Катта-тюра приютился в Шахир-Сябзе, горном пункте, сохранившем еще свою самостоятельность; лучшие его союзники — Садык и Назар-Кул удалились в свои степи и, казалось, что все приняло самый спокойный характер. Но, совершенно неожиданно, почти у самой нашей границы разыгрались новые кровавые события. [222]

День был пасмурный, холодный; моросил мелкий дождь; ветер выл на разные лады, пробираясь по садам, меж оголенных деревьев. Весь Катта-курган потонул в густой, илистой грязи. По улицам ни пройти, ни проехать. Чад и смрад стоит над городом, потому что все заняты одним делом: греются; кто над горшком с угольями, кто над костром сухих щепок. Под каждым навесом, в каждой лавке, везде, куда только ни заворачивает несносный ветер, трещат и дымятся красноватые огоньки, над которыми правоверные отогревают свои окоченелые пальцы. Печей не имеется ни в одном доме, кроме только хлебопекарных, выстроенных обыкновенно посредине двора и формою напоминающих большие глиняные улья.

На базарах половина лавок заперта: торговля плоха, кого понесет из дому в такую ненастную пору!

На усталой лошади, масти которой невозможно было разобрать под залепившей ее грязью, вооруженный с ног до головы, пробирался у самой стены, где все-таки немного посуше, одинокий всадник. Он слез с своего коня под навесом двора, ведущего в квартиру начальника отдела. Находившиеся здесь конвойные казаки и туземные джигиты окружили с любопытством приезжего. Это был гонец от нашего соседа и друга Рахмеда-инака.

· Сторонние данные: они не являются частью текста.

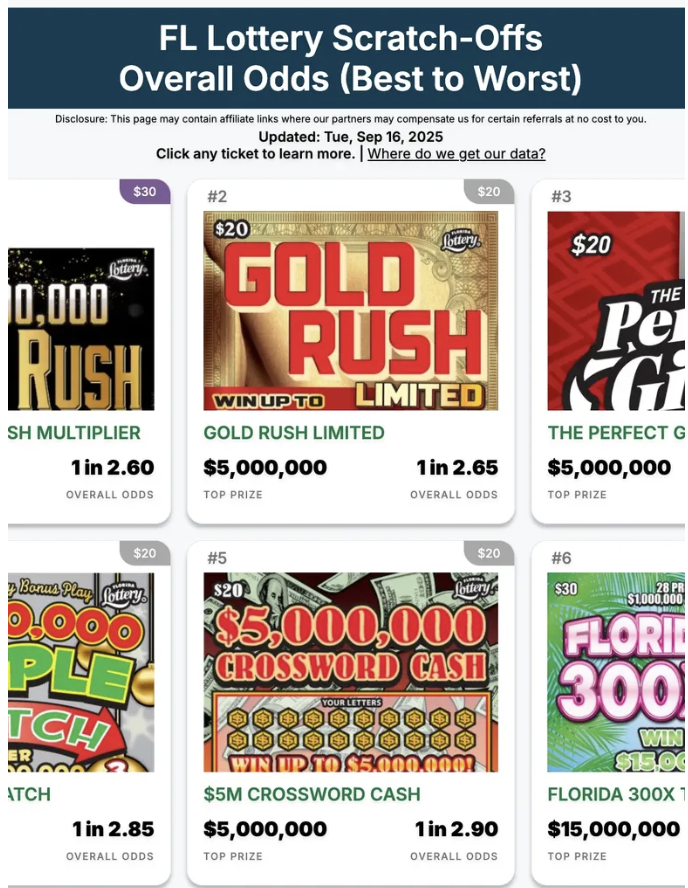 Consumers can now access up to date information on scratch ticket games covering 44 U.S. states, including odds of winning, remaining prizes, prize payouts, and more.
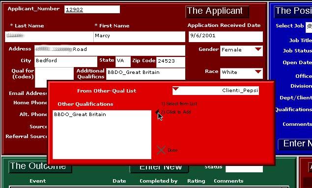 To extend the sense of doing all the work from a very limited number of screens, many data entry functions that involved the presence of more fields and/or workflow-restrictive scripting that would require certain things to be done in a certain order or in a certain way were done via "pop-ups" -- dialogs that would float above the regular main menu screen. Other fields and buttons would remain visible in the background but would not be accessible until the task pertinent to the pop-up dialog was completed, at which point the pop-up dialog would disappear.

Гонец привез весьма важное известие: бек писал, после целых потоков цветистых приветствий и всевозможных излияний, что Катта-тюра с тремя стами всадников появился в Хатырчах, пограничном пункте и думает прорваться здесь, между нашими владениями и владениями своего отца, в степи, чтобы соединиться там с Садыком и Назаром и открыть новые военные действия. Он писал, что лошади у инсургентов сильно измучены и что, по всему видно, они будут ночевать в Хатырчах и только завтра двинутся далее; таким образом представлялся прекрасный случай захватить в руки непокорного сына и доставить его перед грозная, но справедливые очи великого, досточтимого эмира Музаффара. Бек предполагал в письме это сделать таким образом: он аттакует Хатырчи с одной стороны, а нам предлагал занять небольшим отрядом позицию о противуположной [223] стороны и тем поставить врага в совершенно безвыходное положение. Он уверял при этом, что успех несомненен, «особенно принимая во внимание храбрость русских солдат и гениальность начальников». (И тут не упущен бил случай польстить, — такова уже азиатская натура).

Не принять предложения Рахмеда-инака — было, по многим причинам, неудобно: главное, что отказ послужил бы темою постоянных упреков впоследствии, да, наконец, мы ничего не теряли, сделав эту экскурсию, а выиграть могли еще более прочное политическое спокойствие в соседней территории. Раз решившись принять предложение, мешкать было нечего, и тотчас же приступлено было к формированию летучего отряда. Туркестанские солдаты не тратят много времени на сборы, и менее чем через полчаса, около сотни пехотинцев и человек пятьдесят казаков брели уже по бухарской дороге, с трудом вытаскивая из грязи свои высокие, походные ботфорты; русская тележка парою, нагруженная ротным котлом и суточной провизией, а главное бочонком спирта, тащилась за отрядом.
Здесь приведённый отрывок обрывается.